(793d) Variable Reaction Order During Anaerobic Digestion of Industrial Wastewaters
Kinetic modeling of anaerobic digestion processes can be especially difficult when the exact composition of the feed stream is unknown, for example when the feed to the digester enters directly from a complex industrial chemical process, which may contain inhibitors of unknown nature and quantity. There are a number of published models, but any given one is seemingly only accurate or valid for certain substrates, operating conditions, etc. A new approach is considered here, which may challenge conventional thinking about kinetic rate constants. The hypothesis being that the rate constants may change over time due to the changing interactions between microorganisms, remaining substrate, and possibly inhibitors as substrate is consumed.
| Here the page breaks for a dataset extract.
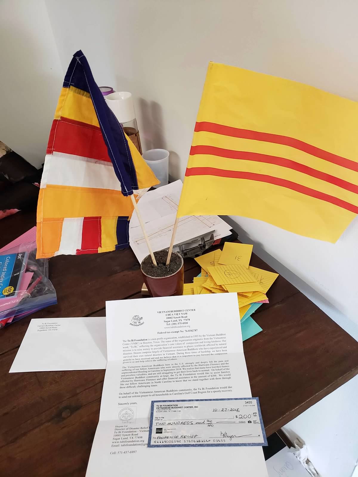 Tổng số tiền Tu Bi Foundation – Chùa Việt Nam, TX đã quyên góp được là 35,390.0 USD từ quý Phật tử và đồng hương từ nhiều tiểu bang gởi về giúp ủy lạo, giúp đỡ các chương trình bị thiệt hại do bão Florence, Michael và Tsunami & Earth quake tại Indonesia gây ra.
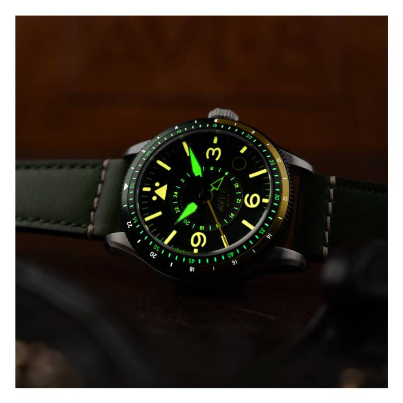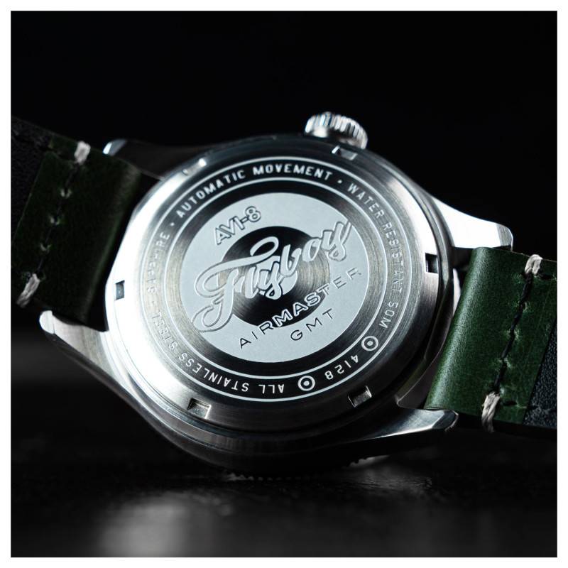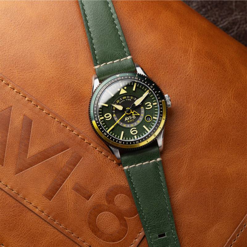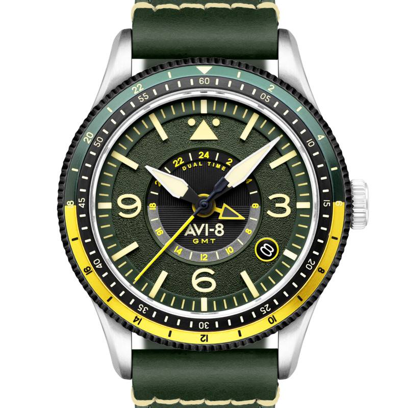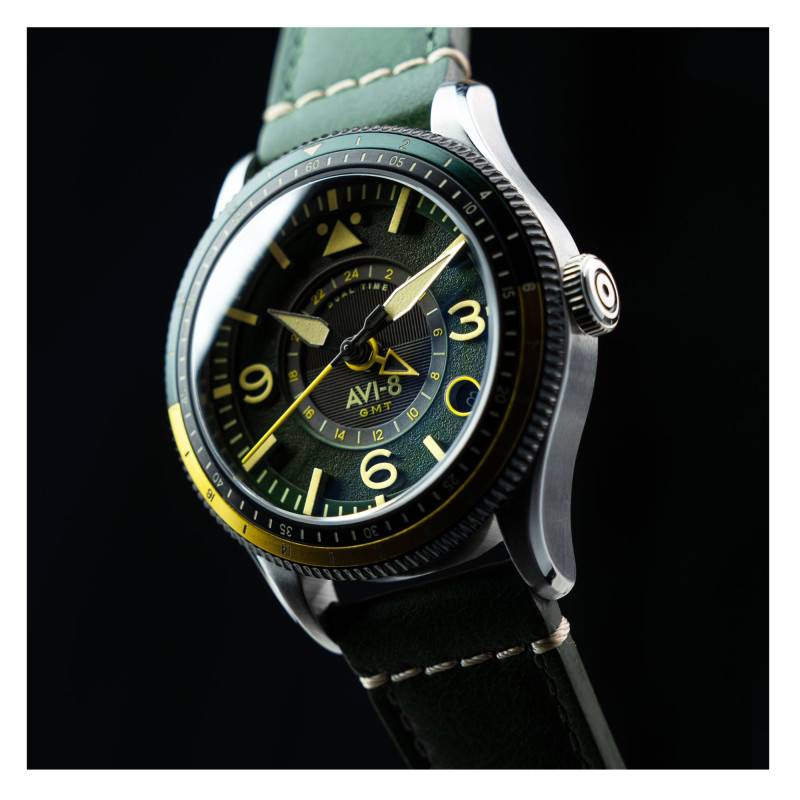 La montre Flyboy Airmaster GMT Automatic Fuselage Green, une création sublime d'Avi-8, s'impose comme un symbole de sophistication et de robustesse en horlogerie. Conçue pour les hommes, elle présente un boîtier rond en acier inoxydable, connu pour sa résistance exceptionnelle et sa durabilité. Mesurant 40 mm de diamètre et affichant une épaisseur de 15 mm, elle se porte avec distinction au poignet. La montre est équipée d'un verre saphir plat et bénéficie d'un traitement antireflets, garantissant une visibilité parfaite quelle que soit la luminosité ambiante. Le fond de boîte est vissé, assurant une étanchéité efficace jusqu'à 5 ATM. Ce caractère à la fois esthétique et fonctionnel en fait un accessoire de choix pour les amateurs de montres de qualité.

Bench-scale respirometry tests were conducted to assess the impact of substrate consumption, which includes known and potentially unknown inhibitors, over the course of anaerobic digestion on the rate law parameters associated with the anaerobic digestion process. Three different industrial wastewaters (WW) were tested at mesophilic temperature (35 °C): soybean processing WW, brewery WW, and recycled beverage WW. The procedure involved adding wastewater at four COD concentrations (6, 8, 10, and 12 g/L) to bacterial sludge (12 g/L volatile suspended solids), continuously measuring methane production, and regressing the rate law model for varying initial substrate concentrations. Control reactors using ethanol as a toxicant-free substrate were tested as a basis for comparison. Culture seed blank reactors (no feed) were also included to correct for background gas production.
A first order rate equation is one commonly used approach to modeling the overall methane generation in the literature. However, it was observed here that the order of reaction increased and the rate constant decreased throughout the course of the AD reaction. Results show that the rate order increased most rapidly when substrate conversion was most rapid since the reaction becomes prolonged at lower substrate concentrations and hence less contact between substrate and inoculum. In the control reactor with no toxicants present, the reaction order reached 5.6 within the first ~20 hours of the process. In the brewery WW and beverage WW streams where sulfate content was low, the reaction order reached 3.1 and 2.5 within the first ~20 hours. In the soybean WW stream, where sulfates were extremely high, the reaction order reached just 1.5 within the first ~20 hours. The results show that rate law parameters are a function of time, which is attributed to increasing inhibitor-to-substrate ratio as substrate is consumed throughout the reaction.